DATA EXTRACTS Start Marker
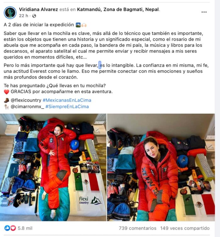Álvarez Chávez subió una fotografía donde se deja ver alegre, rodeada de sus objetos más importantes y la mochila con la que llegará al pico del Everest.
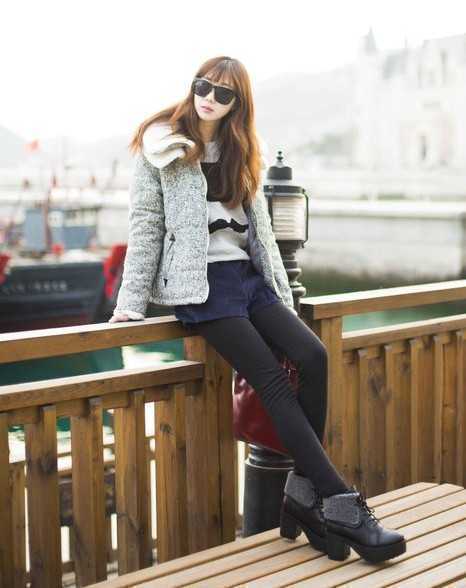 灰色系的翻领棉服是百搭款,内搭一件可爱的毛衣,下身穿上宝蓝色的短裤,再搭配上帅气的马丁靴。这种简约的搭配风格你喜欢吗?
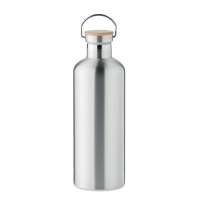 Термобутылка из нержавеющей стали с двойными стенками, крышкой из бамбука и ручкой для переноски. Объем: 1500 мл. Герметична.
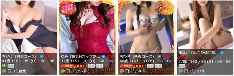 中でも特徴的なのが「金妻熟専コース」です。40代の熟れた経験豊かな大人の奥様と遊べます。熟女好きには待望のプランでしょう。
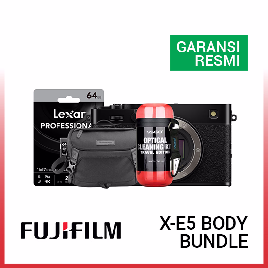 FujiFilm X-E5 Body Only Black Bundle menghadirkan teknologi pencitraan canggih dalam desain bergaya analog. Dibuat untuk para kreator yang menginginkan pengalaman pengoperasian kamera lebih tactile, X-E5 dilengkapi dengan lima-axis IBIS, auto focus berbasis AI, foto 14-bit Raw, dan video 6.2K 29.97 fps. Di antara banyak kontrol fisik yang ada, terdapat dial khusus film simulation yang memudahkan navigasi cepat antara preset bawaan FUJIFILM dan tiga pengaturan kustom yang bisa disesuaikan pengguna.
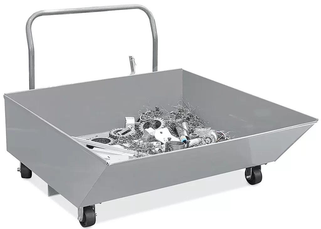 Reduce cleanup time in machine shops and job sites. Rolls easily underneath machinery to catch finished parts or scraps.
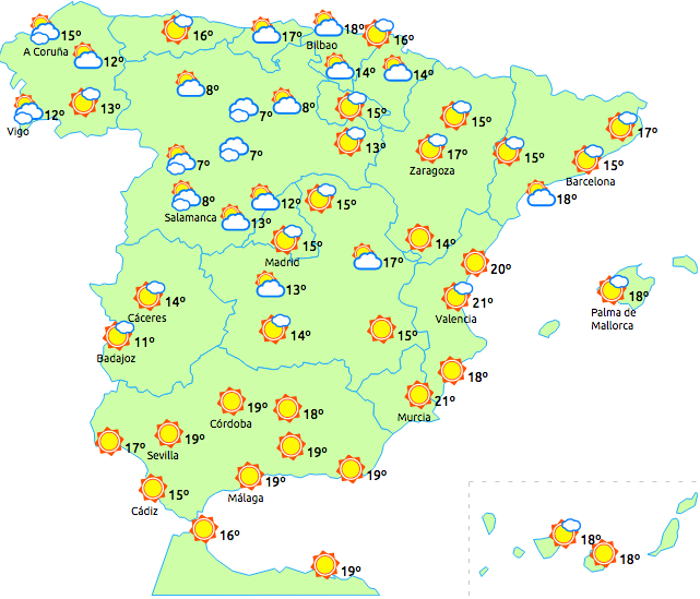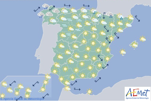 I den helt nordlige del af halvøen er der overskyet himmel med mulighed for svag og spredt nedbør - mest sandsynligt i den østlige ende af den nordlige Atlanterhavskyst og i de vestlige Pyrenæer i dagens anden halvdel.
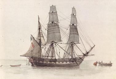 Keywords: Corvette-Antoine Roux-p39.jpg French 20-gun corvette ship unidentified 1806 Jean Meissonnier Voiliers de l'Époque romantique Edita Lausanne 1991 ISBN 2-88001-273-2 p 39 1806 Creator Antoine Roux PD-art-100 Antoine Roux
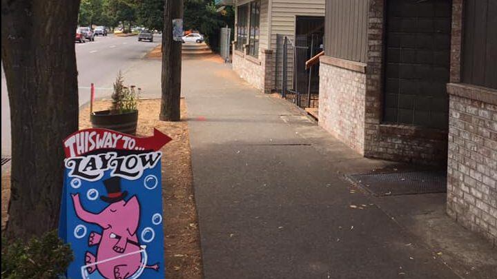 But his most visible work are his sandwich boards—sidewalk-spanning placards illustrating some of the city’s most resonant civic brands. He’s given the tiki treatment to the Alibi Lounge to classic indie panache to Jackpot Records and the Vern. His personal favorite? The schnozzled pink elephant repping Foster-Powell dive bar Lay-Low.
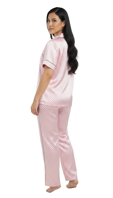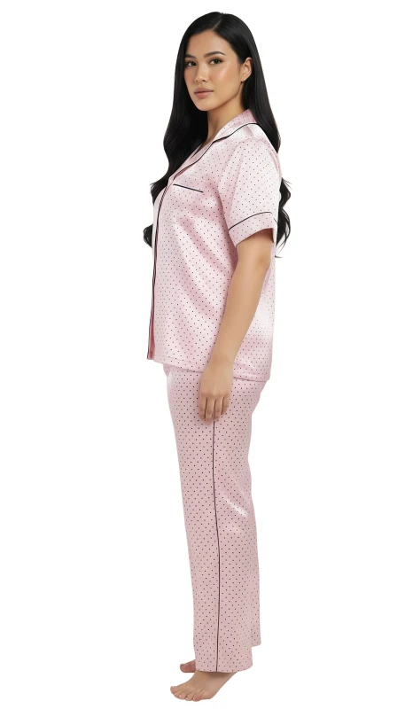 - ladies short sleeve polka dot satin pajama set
DATA EXTRACTS End Marker
## TASK DESCRIPTION
If a picture falls within the span, leave it out, and reproduce exactly the lines from the one containing "Keywords: Corvette-Antoine Roux-p39.jpg" through the end of the material, and no others.

## RESULT
 Keywords: Corvette-Antoine Roux-p39.jpg French 20-gun corvette ship unidentified 1806 Jean Meissonnier Voiliers de l'Époque romantique Edita Lausanne 1991 ISBN 2-88001-273-2 p 39 1806 Creator Antoine Roux PD-art-100 Antoine Roux
 But his most visible work are his sandwich boards—sidewalk-spanning placards illustrating some of the city’s most resonant civic brands. He’s given the tiki treatment to the Alibi Lounge to classic indie panache to Jackpot Records and the Vern. His personal favorite? The schnozzled pink elephant repping Foster-Powell dive bar Lay-Low.
 - ladies short sleeve polka dot satin pajama set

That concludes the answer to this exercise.